Baptisia minor Sapphire Spires

Submitted by on August 17, 2007 – 12:08 amNo Comment

Plant name: Baptisia minor ‘Sapphire Spires’

Virtues: Bright colored blue flowers with a long season of interest. It is very hardy, insect and disease resistant, deep rooted (drought tolerant), nitrogen fixing, and not invasive.

Flower color: Large, deep blue (sapphire) clustered on erect stems grow 15 to 18 inches tall, followed by thumb-size chartreuse seedpods, each with a curious little pigtail. In July and August these pods turn to a rich, attractive charcoal, which adds another handsome dimension to the fall landscape or indoor arrangement.

Leaf foliage: Delicate looking leaflets of soft, powder blue designed for the hot and arid southern Great Plains, but hardy even in zone 4. The foliage stays clean and healthy all season. The 15- to 18 -inch seed pods and stalks turn to an attractive charcoal black in fall adding a new look to the garden, or may be used in everlasting arrangements with sumac, rudbeckia cones, bitter sweet, aronia berries, grass plumes, and many others.

Goes great with:

Scutellaria scoridifolia ‘Mongolian Skies’
Echinacea tennesseensis hybrids
Gaillardia ‘Goldkobold’
Rudbeckia ‘Prairie Sun’
Monarda ‘Petite Delight’ PPAF
Iris pallida ‘Aurea Variegata’
Iris setosa subsp. canadensis
Calylophus ‘Prairie Lode’
Calamagrostis ‘Karl Foerster’
Descampsia ‘Northern Lights’
Coreopsis auriculata ‘Nana’
Coreopsis auriculata ‘Zamphir’

 

Habit: Stems grow up to 15 to 24 inches with erect flower stalks, looking like a professional florist arrangement.

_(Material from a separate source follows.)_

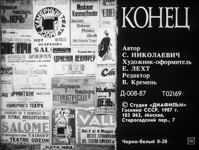 Воспоминание о камерном театре Александра Таирова и Алисы Коонен 0 Категория: ДиафильмыПросмотры: 504 Диафильм "Воспоминание о камерном театре Александра Таирова и Алисы Коонен".Студия "Диафильм" Госкино СССР, 1987 год. Д-008-87, черно-белый 0-20 копеек

Season: Starts with the asparagus-like shoots in spring and continues to January with the everlasting bouquet.

Suggested by: Harlan Hamernik of Bluebird Nursery.

Where does it come from: Southern Nebraska and Kansas.

Tips: Takes a couple of years to get established, but then lasts for generations. Needs a location with sun and well-drained soil. USDA hardiness zones 3-8.